As far as the split goes, I'm not too attached to those two I named, but a push/pull split makes for really long workouts - at least for me.  I respond best to fairly high volume (about 9 sets per body part).  So for Day 1, I'd be doing 27 sets in one workout, which is a lot of sets!  I may try it, though.  I'm open to change if it'll help balance everything out...


----------



## PreMier (Feb 15, 2005)

Thats close to what im doing.  Chest is 3 exercises, at 3 sets a piece.  Shoulders is usually one exercise of heavy pressing(3 sets), and then I do front/lateral raises or some rear delt work(3-4 sets).  Triceps I usually do 2 exercises, because doing chest hits them.. maybe 6-8 sets total.  

So that comes to around 20-24 sets throughout the workout.  If you keep your rest intervals to 60 seconds on the heavy movements, and 30-60sec on the rest, you workout should come in under 60 minutes 

Same goes for back/traps/biceps.  More sets on the large movements/muscles and fewer on the smaller muscles.  PLUS your hitting them twice a week some weeks, so there is plenty of volume.


----------



## thatguy (Feb 15, 2005)

PreMier said:
			
		

> Thats close to what im doing. Chest is 3 exercises, at 3 sets a piece. Shoulders is usually one exercise of heavy pressing(3 sets), and then I do front/lateral raises or some rear delt work(3-4 sets). Triceps I usually do 2 exercises, because doing chest hits them.. maybe 6-8 sets total.
> 
> So that comes to around 20-24 sets throughout the workout. If you keep your rest intervals to 60 seconds on the heavy movements, and 30-60sec on the rest, you workout should come in under 60 minutes
> 
> Same goes for back/traps/biceps. More sets on the large movements/muscles and fewer on the smaller muscles. PLUS your hitting them twice a week some weeks, so there is plenty of volume.


Thanks, PreMier.


----------



## PreMier (Feb 15, 2005)

No problem bro.  Now I just need some guns like you got lol


----------



## Flex (Feb 16, 2005)

hey guy,

IMO you should loosen up the weight and make sure you're squeezing your chest with whatever exercize(s) you do. 

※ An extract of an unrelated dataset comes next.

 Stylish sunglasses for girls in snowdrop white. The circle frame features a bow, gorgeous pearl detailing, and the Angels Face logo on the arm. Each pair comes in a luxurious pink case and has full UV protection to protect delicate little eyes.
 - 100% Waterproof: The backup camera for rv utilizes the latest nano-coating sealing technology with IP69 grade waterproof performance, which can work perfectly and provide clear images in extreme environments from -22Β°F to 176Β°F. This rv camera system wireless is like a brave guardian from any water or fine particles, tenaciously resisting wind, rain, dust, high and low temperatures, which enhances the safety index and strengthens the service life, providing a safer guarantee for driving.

95% of people in the gym use too much weight and don't know how to correctly SQUEEZE the weight up with the correct muscle(s), as opposed to just lifting it, and they don't know how to "peak contract" the muscle at the top. 

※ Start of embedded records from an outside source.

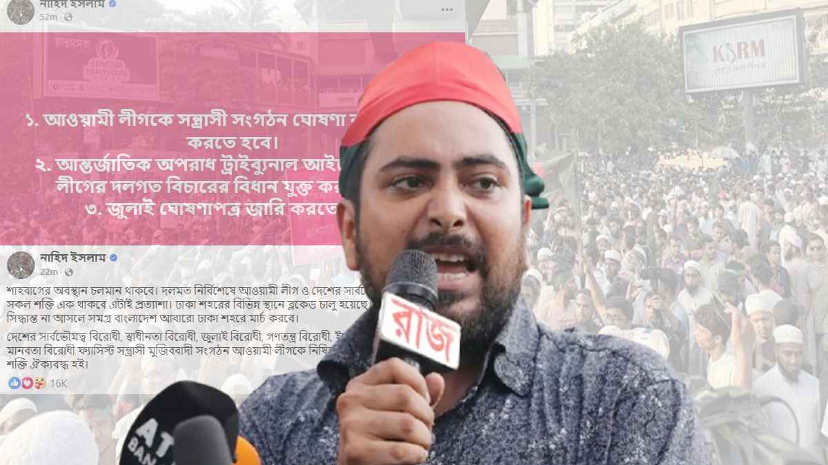 নাহিদের তিনটি দাবি হলো- আওয়ামী লীগকে সন্ত্রাসী সংগঠন ঘোষণা করে নিষিদ্ধ করতে হবে, আন্তর্জাতিক অপরাধ ট্রাইব্যুনাল আইনে আওয়ামী লীগের দলগত বিচারের বিধান যুক্ত করতে হবে এবং জুলাই ঘোষণাপত্র জারি করতে হবে।
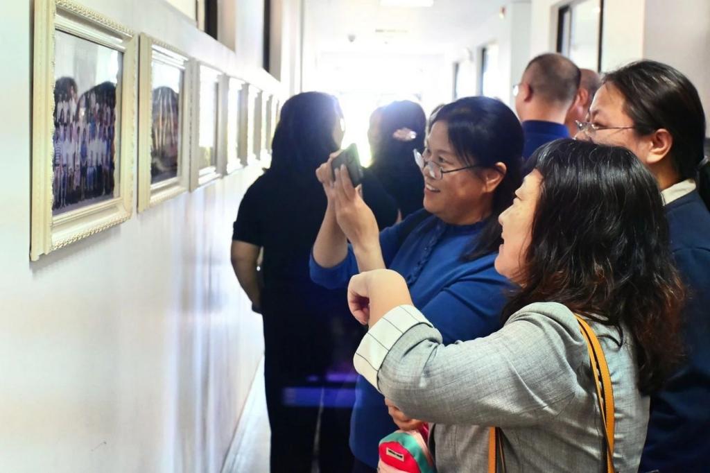 班会后,校友们饶有兴致地参观了天津市科普基地——科学体验馆、“繁星筑梦”beat365亚洲版官网首届科学家精神展和“循迹启航”beat365亚洲版官网物理科普成果展。与正在开展研学的中小学生亲切交流,在学院历届毕业生合影长廊追寻记忆,在明理楼前广场的校友毕业30年返校活动主题背景墙前合影留念。
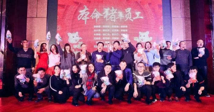 在董事长张建国的带领下,公司高管一起举起酒杯,向全体员工表达了感谢之情与新年祝福。
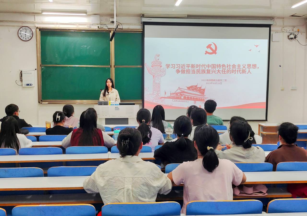 10月20日下午,小说狂人 2021级思想政治教育三班在社科楼514教室召开“学习习近平新时代中国特色社会主义思想,争做担当民族复兴大任的时代新人”主题团课。小说狂人 2021级思想政治教育三班全体团员参与此次会议。会议由团支书王岚霄主持。
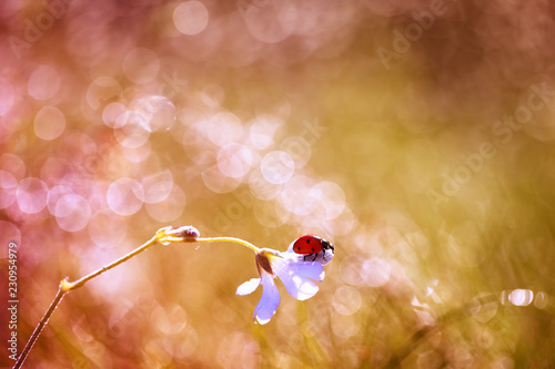 Naklejka premium Mała czerwona biedronka chodzi wokół rośliny w poszukiwaniu mszyc.

So when you do chest, remember these few pointers:
1. Keep your shoulder  blades squeezed back the entire set
2. SQUEEZE the weight up with your chest, don't push it up using your shoulders
3. Flex your chest as hard as you can at the top of the movement

the best BB's are the ones who can feel their muscles during the entire set, and who take it beyond the pain.

Keep pumpin',
FLEX


----------



## thatguy (Feb 16, 2005)

Flex said:
			
		

> hey guy,
> 
> IMO you should loosen up the weight and make sure you're squeezing your chest with whatever exercize(s) you do.
> 
> ...


Good word - I'll keep that in mind, Flex.


----------



## j rizz (Feb 16, 2005)

when u say keep the shoulder blades back.. like try and touch them together throughout the whole lift. like you would with lat pulldown?? if i understand you correctly.


----------



## Flex (Feb 16, 2005)

j rizz said:
			
		

> when u say keep the shoulder blades back.. like try and touch them together throughout the whole lift. like you would with lat pulldown?? if i understand you correctly.



keep your shoulder blades as far back and down as possible. To do so you hafta consciously pinch them down and back. 
yes, keep them together throughout the whole lift. 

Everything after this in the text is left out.